_Data listing_.

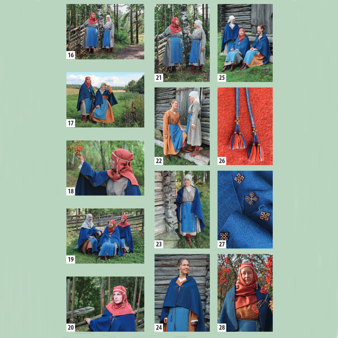 Kortit esittelevät muinaispukua sekä yksityiskohtien kautta että kokonaisuutena. Korttien osoitepuolella on kerrottu kunkin kortin kuva-aiheesta tiivistetysti.
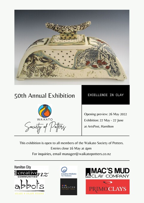 The 50th Annual Exhibition of the Waikato Society of Potters was postponed in October 2021 due to COVID-19 restrictions and delays. We will now be holding the exhibition in 2022.
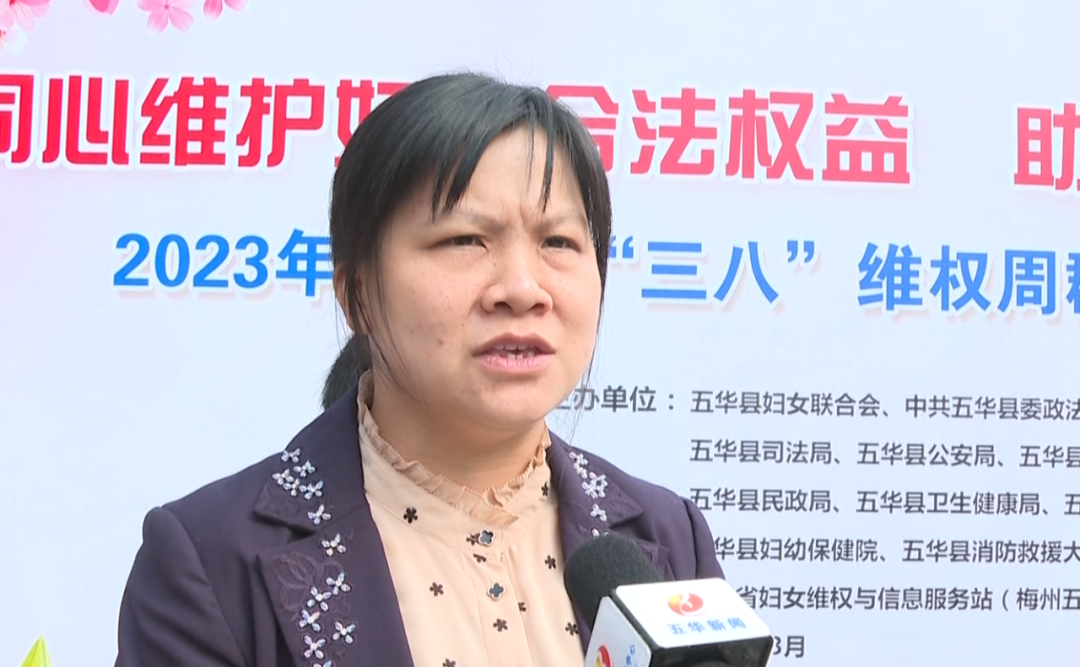 【五华县妇联副主席 李晓婷:此次活动我们采用通俗易懂的方式,将法律知识和维权关爱服务送到妇女群众的身边,进一步增强妇女的获得感和幸福感,强化她们的法治意识和依法维权的能力。】
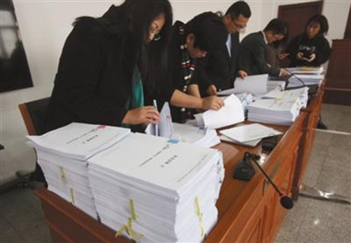 2017年2月15日,《錦繡未央》被訴侵權案交換證據,原告方提交的證據擺滿了原告席。新京報記者 王貴彬 攝。圖片來源:新京報
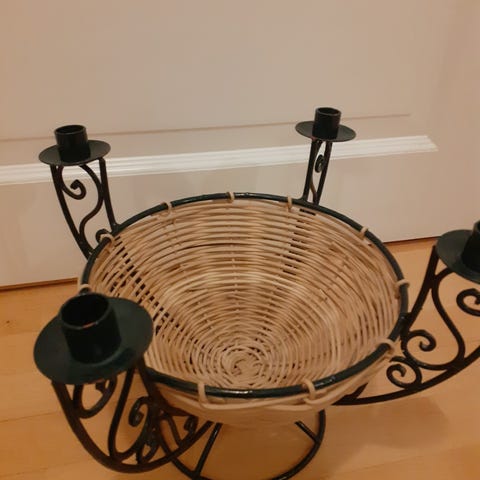 2 kpl metallilankaisia koreja.Korkeus 19 cm, halkaisija 23 cm.
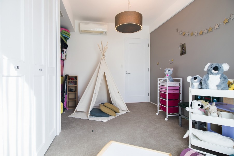 子供部屋はマグネット壁を採用し、お子さんの作品や学校関係のプリントを気軽に貼れるようにしています。まだまだ個々の部屋は不要な年齢ですが、成長とともに、それぞれの部屋も必要になってきます。
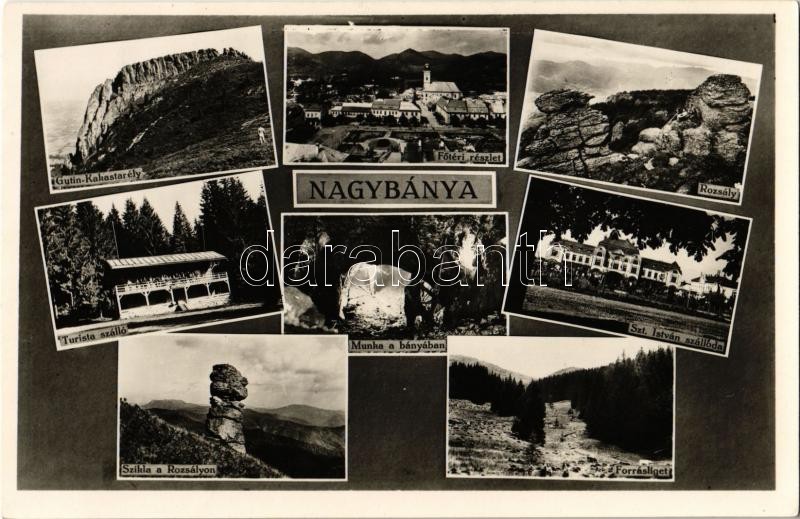 1943 Nagybánya, Baia Mare; Gutin, Fő tér, Rozsály, Turista szálló, Munka a bányában, Szent István szálloda, szikla a Rozsályon, Forrásliget / main square, tourist hotel, work in the mine, hotel, mountains
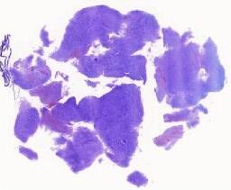 大体所见: 左侧颈部淋巴结:组织数块,3cm×2.8cm×1.5cm,大小不一,质软。
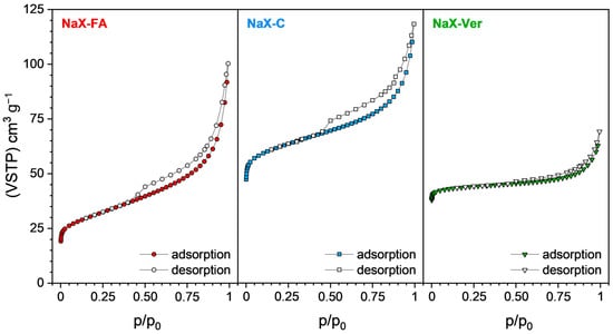 Textural parameters were determined for NaX–FA zeolite, and NaX–C and NaX–Ver composites (Table 2). All investigated materials NaX–FA, NaX–C, and NaX–Ver have a type IV isotherm with a hysteresis loop of type H3 (Figure 3). This can be related to a mesoporous character and the formation of slit-shaped pores. A significant increase in the nitrogen adsorption at low p/p0 observed for the NaX–C indicates a high contribution of micropores. This has been confirmed by the Vmic value (Table 2); micropores are 51% of the Vtot, which reflects the high contribution of fine pores in NaX–C. A much lower contribution of micropores (28%) is attributed to the NaX–FA, where mesopores dominate (65%). The results presented in Table 2 show that the proportion of micropores in this sample is 66%. This indicates the microporous nature of the vermiculite that is part of this composite. The pHpzc values of the zeolites are summarized in Table 2. The pHpzc values were found to be high, probably due to the high amount of mobile alkaline metals (sodium and potassium) as well as alkaline earth metals (calcium and magnesium). The correlation of ΔpH vs. initial pH (pHi) is presented in Figure S1.
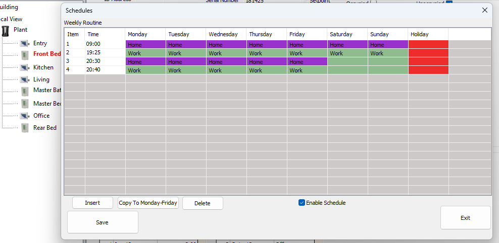 All my hardware is the same REV22 18.05.04. 1 of 4 will allow buttons on 11.4 or 11.5. 4 of 4 allow buttons on 8.9 or 9.0. I have found no combination that the schedule works correctly. They either will not go into unoccupied or will not return from unoccupied. When this happens the icons on the Stat do not match the information on T3000. I have also seen the stat to go a mode where it says the setpoint is 999. then usually goes back to a normal mode after a short period. If that gives us any clues.
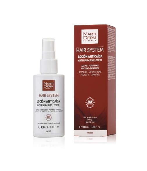 Para cabellos débiles con tendencia a la caída, la loción anticaída Hair System de MartiDerm fortalece la fibra capilar, libera de la grasa y las impurezas los folículos, permitiendo, además, a los cabellos un mejor anclaje al cuero cabelludo que frena, previene la caída y reactiva el crecimiento del cabello.
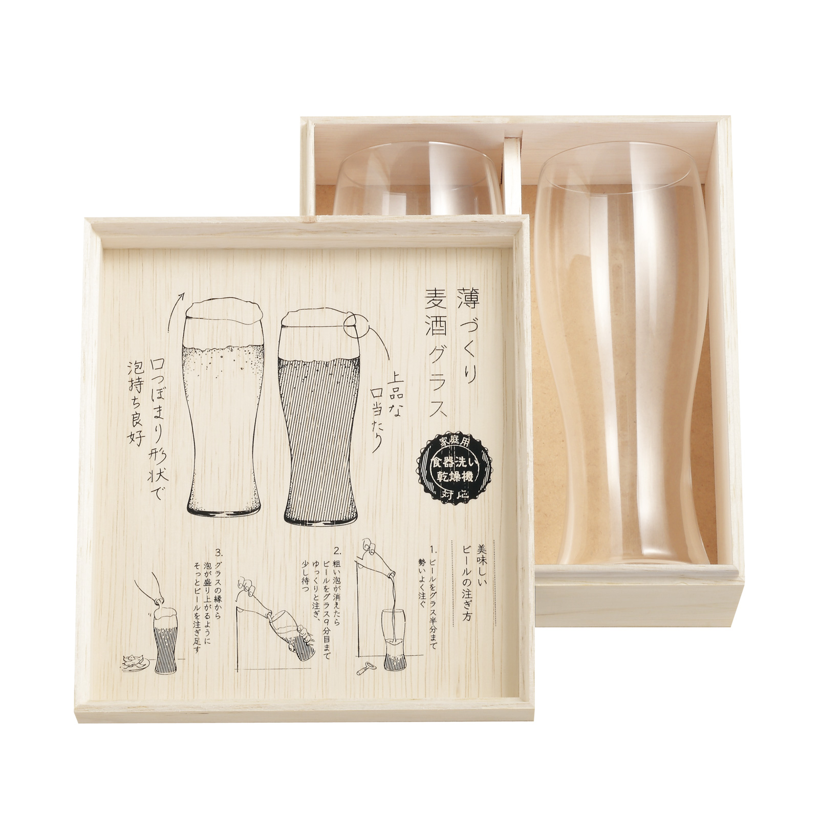 | 薄づくり麦酒グラスセット | ◾️外装サイズ 幅16.7cm×縦19.2cm×高さ8.6cm ◾️サイズ/容量 サイズ:口径6.3cm×高さ17cm・最大径6.9cm 容量:395ml ◾️材質 ソーダライムガラス ◾️生産国 日本製 |

_What the task asks_.
Take the material above from the line bearing "2017年2月15日,《錦繡未央》被訴侵權案交換證據,原告方提交的證據擺滿了原告席。新京報記者 王貴彬 攝。圖片來源:新京報" through the line bearing "子供部屋はマグネット壁を採用" and write it out exactly, both end lines included. Pictures stay out.

_Answer for this exercise_.
 2017年2月15日,《錦繡未央》被訴侵權案交換證據,原告方提交的證據擺滿了原告席。新京報記者 王貴彬 攝。圖片來源:新京報
 2 kpl metallilankaisia koreja.Korkeus 19 cm, halkaisija 23 cm.
 子供部屋はマグネット壁を採用し、お子さんの作品や学校関係のプリントを気軽に貼れるようにしています。まだまだ個々の部屋は不要な年齢ですが、成長とともに、それぞれの部屋も必要になってきます。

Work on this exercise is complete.